# [Material provided]
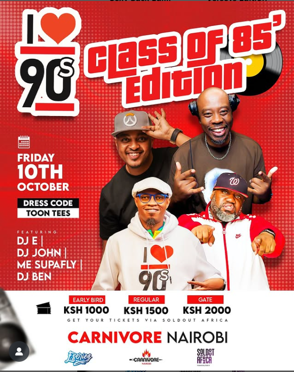 preciating the seamless transition of musical influences through time. Join us for a captivating experience where the golden hits of previous decades meet the soulful rhythms of modern eras,creating a harmonious ginger spice and vanilla smoothness. On the 1sand 2s will be Dj Bunney254 and Dj Presyce.
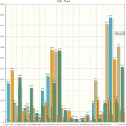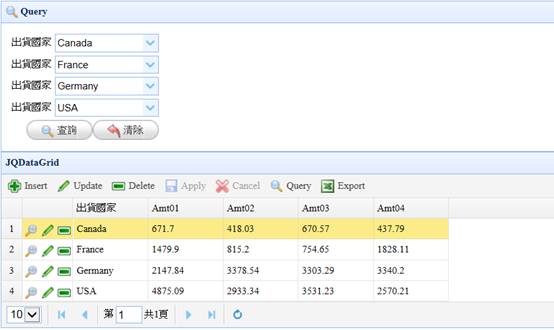 可以看到JQBarChart因資料過多而看起來很雜亂,可透過DataGrid查詢的方式一起動態修改JQBarChart的圖片。在Datagrid的QueryColumn新增數個查詢欄位,統一使用ShipCountry,可自訂資料來源選擇或是讓使用者自行輸入,QueryMode用Panel方便對照。也可另外設定JQDataGrid及JQBarChart的AlwaysClose屬性為true,在設定查詢條件後才顯示資料。
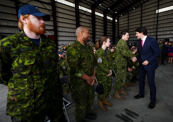 Prime Minister Justin Trudeau shakes hands with troops following a press conference regarding Canada's new defence policy at CFB Trenton, in Trenton, Ont., on April 8.Sean Kilpatrick/The Canadian Press

# [Work task]
Word for word, give the listing above again, but drop any pictures.

# [Response below]
 preciating the seamless transition of musical influences through time. Join us for a captivating experience where the golden hits of previous decades meet the soulful rhythms of modern eras,creating a harmonious ginger spice and vanilla smoothness. On the 1sand 2s will be Dj Bunney254 and Dj Presyce.
 可以看到JQBarChart因資料過多而看起來很雜亂,可透過DataGrid查詢的方式一起動態修改JQBarChart的圖片。在Datagrid的QueryColumn新增數個查詢欄位,統一使用ShipCountry,可自訂資料來源選擇或是讓使用者自行輸入,QueryMode用Panel方便對照。也可另外設定JQDataGrid及JQBarChart的AlwaysClose屬性為true,在設定查詢條件後才顯示資料。
 Prime Minister Justin Trudeau shakes hands with troops following a press conference regarding Canada's new defence policy at CFB Trenton, in Trenton, Ont., on April 8.Sean Kilpatrick/The Canadian Press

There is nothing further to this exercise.